Not really a race- no registration, no fees, no t-shirts, few rules; but brutally challenging and very rewarding, set in some of the remotest and wildest country in the lower 48. Each year the beginning point and ending point is announced and is different each year. How you get to the ending point is completely up to you- shortest distance is not always the quickest (actually rarely)- weather, elevation, snow levels at passes, trail conditions, stream flows and fords all add into one's decision. It also really demands a Plan B (and probably a C) as well as bailout options as things often don't go as planned. Navigation is an important part as it's easy to lose less travelled trails, especially above snow level and sometimes off-trail options present shortcuts. Equipment choices obviously comes into play, snowshoes or not, raft or not, shelter, clothing, food, etc. Point being a lot of pre-planning goes into it- which quite frankly is part of the appeal.

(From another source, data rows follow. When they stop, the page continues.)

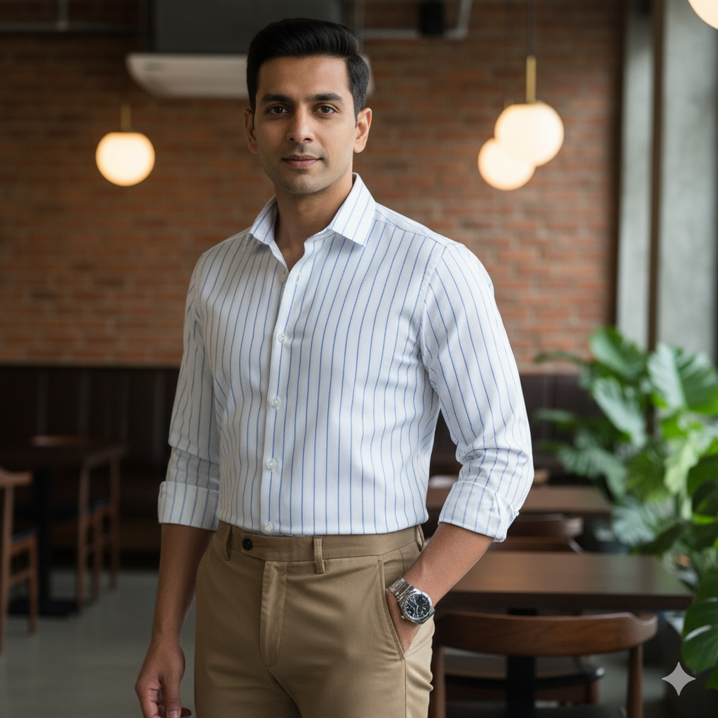 Introducing our premium quality Raymond Stretchable Giza Cotton Broad Lining shirt fabric in a luxurious blue and white color. Made from pure Giza cotton, this formal fabric is perfect for parties and weddings. Experience the best with Raymond.
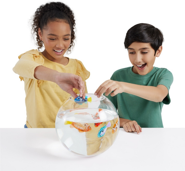 - При попаданні у воду рибка починає махати хвостом і реалістично рухатися.
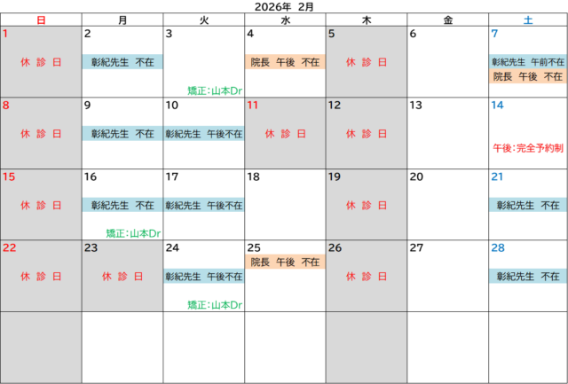 2月診療日のご案内
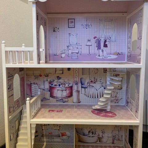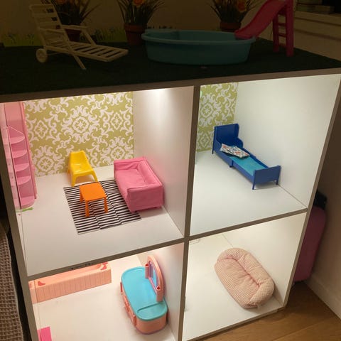 Stort hjemmelavet Barbiehus med indbygget opbevaring til barbiedukker, tøj og småting. Derudover er der 8 LED spots, som kører på strøm, så der er ikke noget med batterier, der løber tør.
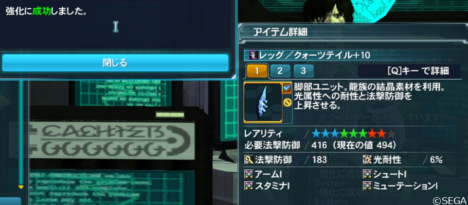 リアは出なかったんですがレッグ2つ出たのでいい方を強化して装備。
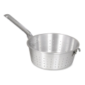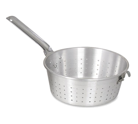 Strainer, 9" dia. x 3-1/2" deep, round, grooved riveted handle, dent-resistant, pan hook, aluminum

This was my second time at this event. Last year I went with Kevin and John, this year John teamed up with another friend and planned a more leisurely event- 5-ish days. Kevin and I had just the opposite plan, more aggressive than last year, going very light and mixing in some running- something just under 3 days. We had planned our route carefully and got our packs as svelte as safely possible. Unfortunately Kevin's knee hadn't fully recovered from a winter surgery and had to bail at the last minute (actually a week out); at the same time the weather changed significantly adding a lot of snow to the Bob and calling for more rain/snow during the event. Because of these changes, my plan also changed-going with a larger pack and a little more margin of safety.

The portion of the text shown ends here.